Take a file server scenario for example. If you have a workload that pulls and pushes files constantly, NFS and SMB are built for efficiency. These protocols optimize data transfer for those kinds of operations, while further supporting operations like distributed file caching that you just don’t get with S3. For example, if you’re running a virtual machine that needs rapid access to disk images, NFS or SMB can effectively use caching and direct file operations. S3 would require you to manage more data shuffling, resulting in poorer responsiveness.

Speaking of caching, let’s consider the caching layer that NFS and SMB usually provide. They allow you to cache file metadata or frequently accessed files, significantly reducing the number of calls you need to make over the network. If I’m working on applications that frequently access the same set of data, I want that data available locally, which isn’t something S3 is optimized for. Each access requires a REST API call and, with the galactic number of API calls required over time, those round-trip times could seriously degrade performance.

On the security front, NFS and SMB also offer a layer of protection that is more aligned with the way file-level permissions work in traditional environments. You can set permissions at a per-file or per-directory level, allowing for stricter access control based on your organizational roles. In contrast, S3 has its own way of handling access permissions through bucket policies or IAM roles, which can sometimes feel clunky depending on your use case.

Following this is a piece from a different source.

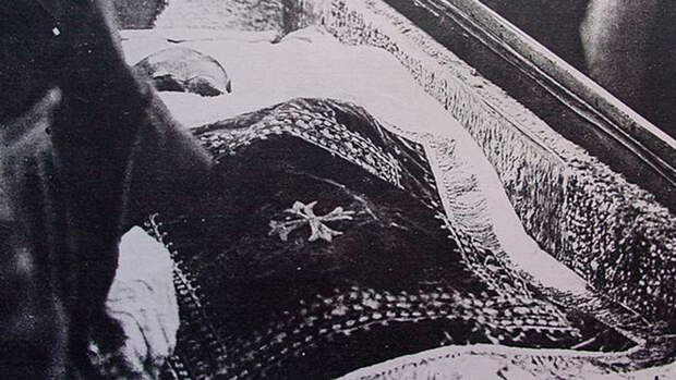 В протоколе вскрытия было зафиксировано: "С головы снимают шапочку, с шеи – бинт фиолетовый, затем голубой. Разрывает иеромонах Иона швы у ног, распарывает ножницами парчовый голубой мешок. Вынул сбоку вату, распарывает швы, фигура становится плоской, толщиной в четыре пальца, снимает распоротый голубой мешок, под которым обнаруживается полуистлевшая ткань серо-коричневого цвета. Снизу лубок. По снятии шапочки с головы виден человеческий череп, лежащий частью на лубке, частью на весу. Возле черепа справа виден первый шейный позвонок. Длина фигуры соответствует человеку среднего роста".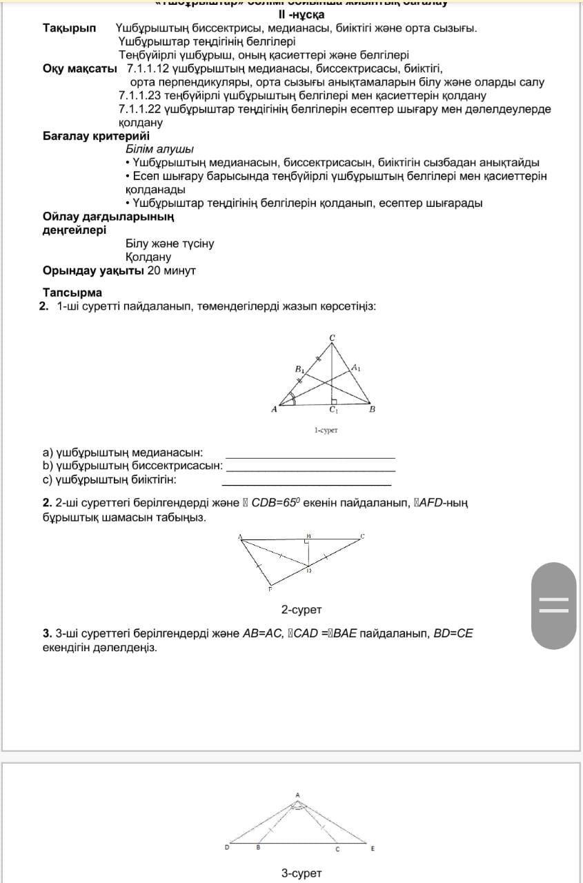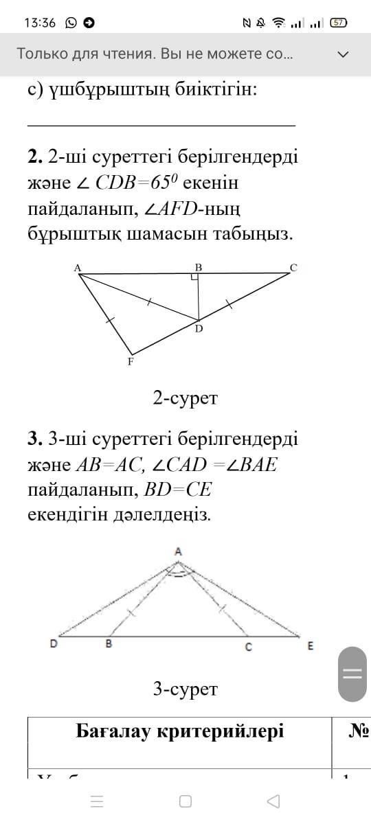 2)Найдите угловую величину AFD, используя приведенные на рисунке 2 и то, что CDB=65 3)Докажите , что дано на рис.3 и что AB=AC, CAD=BAE BD=CE.

You can easily get into situations where users end up either over-privileged or under-privileged because the permission model is less intuitive for shared access setups.

You might also find that working with S3 leads to greater complexity when considering metadata. If you’re accustomed to working with file properties—like timestamps, ownership, or permissions—when you put or get objects in S3, you’re often left to either reinvent a wheel or use additional services to manage those attributes. For example, a basic text file might carry timestamps and ownership properties with NFS or SMB, easily enabling change tracking and auditing. In S3, you’ve got to write logic around the object to manage metadata, which complicates things if you're doing bulk operations or needing to transfer that data for other uses.

If real-time collaboration is part of your application's requirements, you’ll find it almost impossible to work with S3 effectively. NFS and SMB are inherently built to handle concurrent writes, so if two users edit a file at the same time, the file locking mechanisms help manage that conflict. Imagine two users working on the same document; NFS will make sure that their changes do not collide and that revisions are appropriately handled. With S3, you’d need an entirely different architecture to accommodate that kind of workflow, likely incorporating additional services to handle merges or track changes efficiently.

When you're looking at these differences, keep in mind that the issues with S3 aren't necessarily insurmountable, but they do add significant overhead in terms of complexity and development effort. Depending on your context and requirements, it may need a lot of extra code to simulate the file system behaviors that you can get almost “for free” with NFS or SMB.

If you're building something new or working within an existing architecture, consider what kind of file behaviors you expect from your applications. If you've got legacy applications or systems designed for shared file access, integrating them with S3 will take a clear consideration of these differences. You have to ask yourself if the trade-offs in flexibility, ease, and performance are worth it based on your specific use case. If you can afford the upfront investment in architecture and code to handle these differences, S3 may still fit within your overall strategy. Just don't expect it to replace the agile flexibility you’re used to with NFS and SMB right out of the box. It's an entirely different ballpark where you'll need to aggressively manage the challenges that come with object storage.